Ese desfase entre las ideas democráticas, aunque solapado en la época de la lucha antifranquista, salió a la luz con el cambio del régimen, por la muerte del dictador. Entonces, la pregunta «¿qué democracia?» se quedó sin respuesta. Ruptura sí o ruptura no. Al final la reforma se impuso. Y si ese modelo de génesis democrática generó escuela diplomática y académica, en Euskal Herria se plantearon otros caminos que en España no tuvieron eco.

No sólo con la alteridad mostrada hacia la Constitución española, sino también por unas propuestas que se concentraron en dos corrientes. La de una ruptura a través de una marco autodeterminista representada por ETA con su lucha armada y la izquierda abertzale que se iba a conformar a través de organizaciones políticas y sociales en una corriente política y de pensamiento.

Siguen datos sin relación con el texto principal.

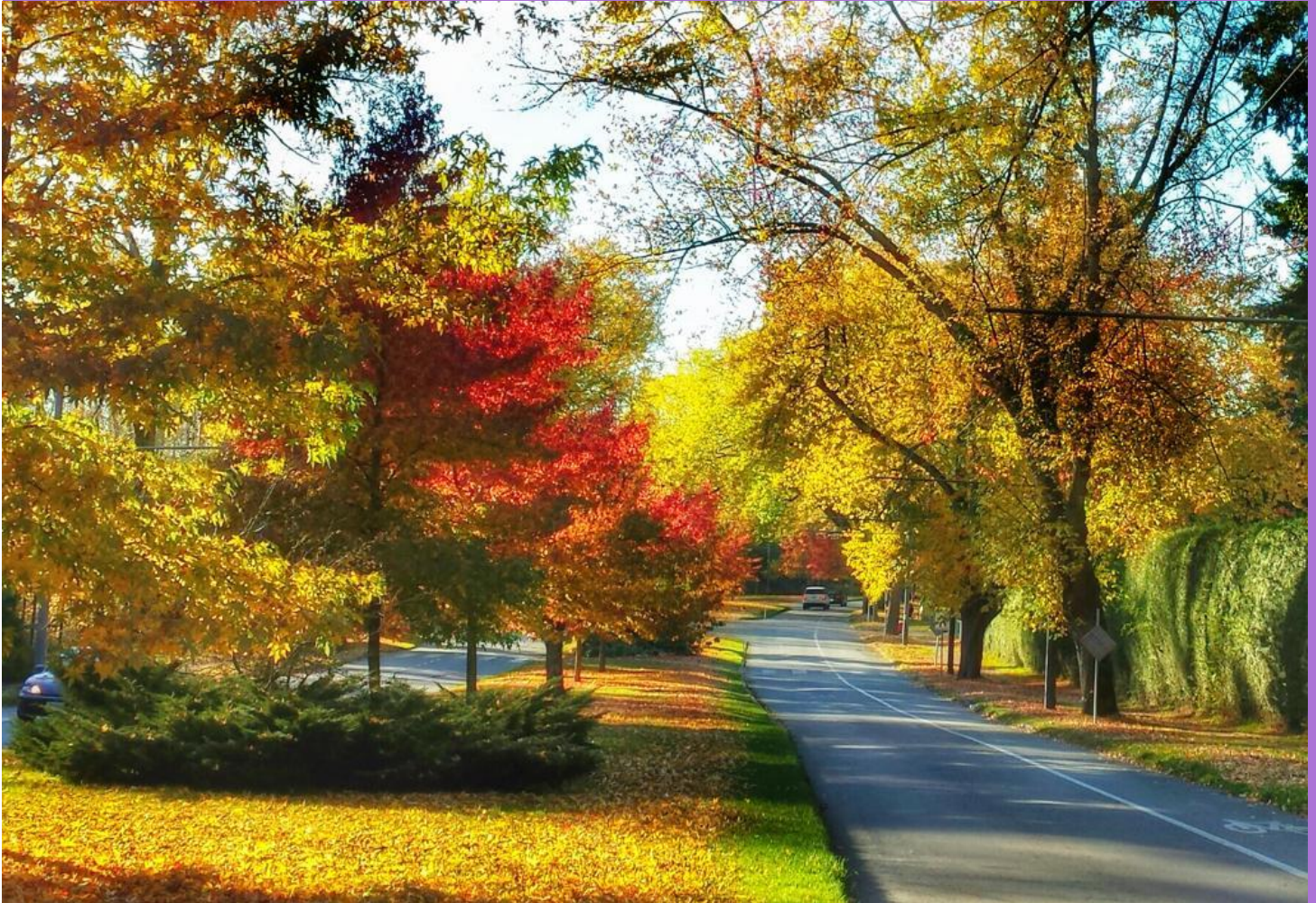
10 th Ave, Vancouver BC - one of the main entrances to UBC showcasing its spectacular Fall Foliage to visitors.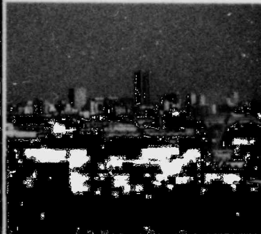
Port of Portland, a leading West Coast shipping center, is home for the largest dry dock on the West Coast.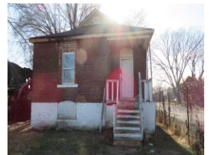
1900 College Avenue, ESL $9,900 $400 Down/$300 a Month

Y la autonomista, con el PNV a la cabeza en el marco de la Constitución, pero «como trampolín hacia la soberanía plena», se decía.

Dos corrientes que planteaban dos modelos de relación social y política acordes con lo que a nivel institucional se movía en Europa. Que la alternativa KAS no era sino un programa «democrático burgués», avanzado si se quiere, pero en línea con modelos institucionales presentes en otros países europeos, es evidente. Así que cuando en las decenas de autos de la batalla jurídica contra ETA y contra la izquierda abertzale se escribía los «fines criminales de ETA» se traicionaba un subliminal miedo no tanto a la legítima confrontación con el «método armado para arrancar la negociación», sino al peligro de un proyecto político cuya articulación democrática aguantaba cualquier comparación.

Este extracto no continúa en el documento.